Mitochonic acid‐5 attenuates TNF‐α‐mediated neuronal inflammation via activating Parkin‐related mitophagy and augmenting the AMPK–Sirt3 pathways

Mitochondrial dysfunction has been found to be associated with neuronal inflammation; however, no effective drug is available to attenuate neuroinflammation via sustaining mitochondrial function. In the current study, experiments were performed to understand the beneficial effects of mitochonic acid 5 (MA‐5) on tumor necrosis factor‐α (TNF‐α)‐mediated neuronal injury and mitochondrial damage. Our data illustrated that MA‐5 pretreatment reduced inflammation response induced by TNF‐α in CATH.a cells. Molecular investigations demonstrated that MA‐5 pretreatment repressed oxidative stress, inhibited endoplasmic reticulum stress, sustained cellular energy metabolism, and blocked cell apoptosis induced by TNF‐α stress.
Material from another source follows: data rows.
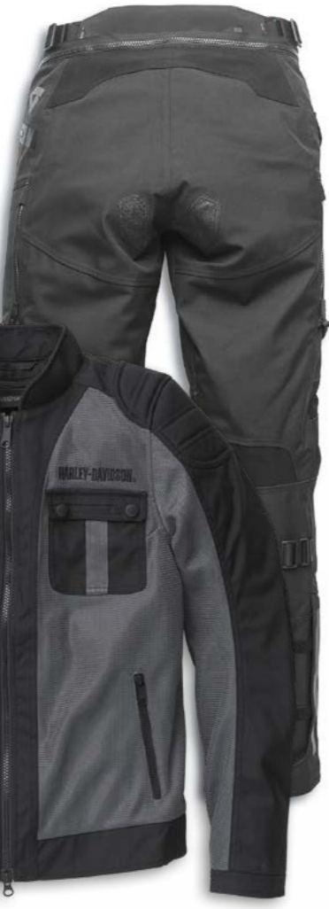
Passage Adventure Jacke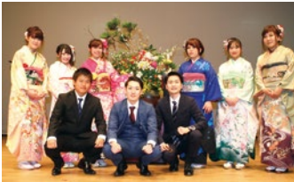
平成30年実行委員の皆さん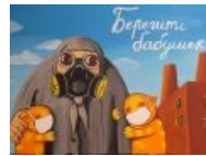
Ещё коронавирус Свидомиты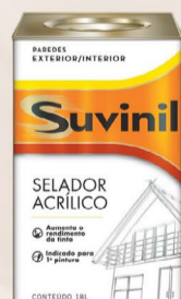
Suvinil Selador Acrílico 18 L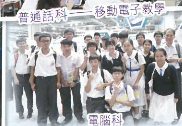
電腦科 ——參觀「2017創科博覽」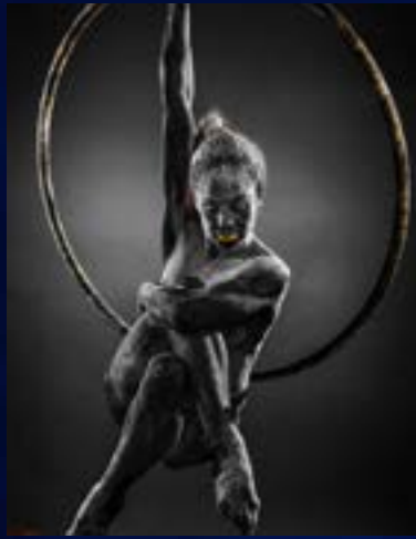
Referencia fotografía conceptual.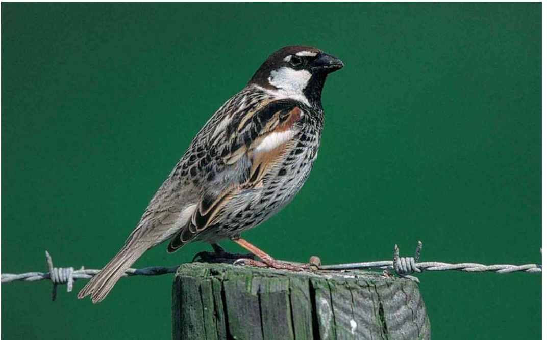
390 Spanish Sparrow / Spaanse Mus Passer hispaniolensis , adult male, Camperduin, Noord-Holland, 13 May 2000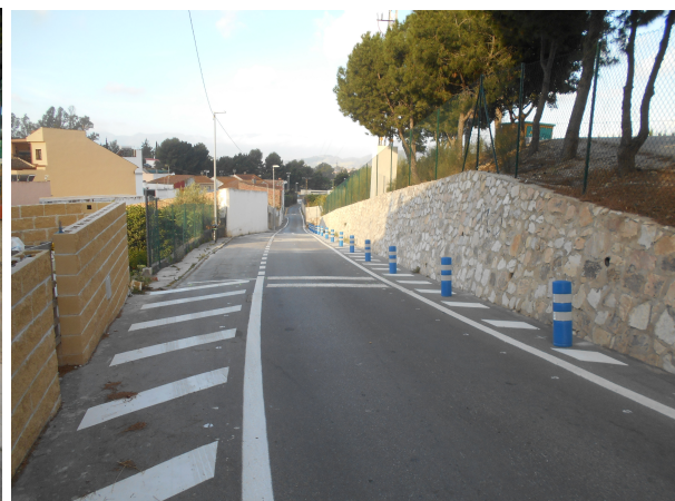
Camino Salas: Repintado general de la calle

Further, we found that MA‐5 treatment elevated the expression of Sirtuin 3 (Sirt3) and this effect was dependent on the activation of AMP‐activated protein kinase (AMPK) pathway. Blockade of AMPK abolished the promotive action of MA‐5 on Sirt3 and thus mediated mitochondrial damage and cell death. Besides, we also found that MA‐5 treatment augmented Parkin‐related mitophagy and increased mitophagy promoted CATH.a cells survival via improving mitochondrial function. Knockdown of Parkin abolished the beneficial action of MA‐5 on mitochondrial homeostasis and CATH.a cell survival. Altogether, our results confirm that MA‐5 is an effective drug to attenuate neuroinflammation via sustaining mitochondrial damage and promoting CATH.a cell survival. The protective action of MA‐5 on neuronal damage is associated with Parkin‐related mitophagy and the activation of AMPK–Sirt3 pathways.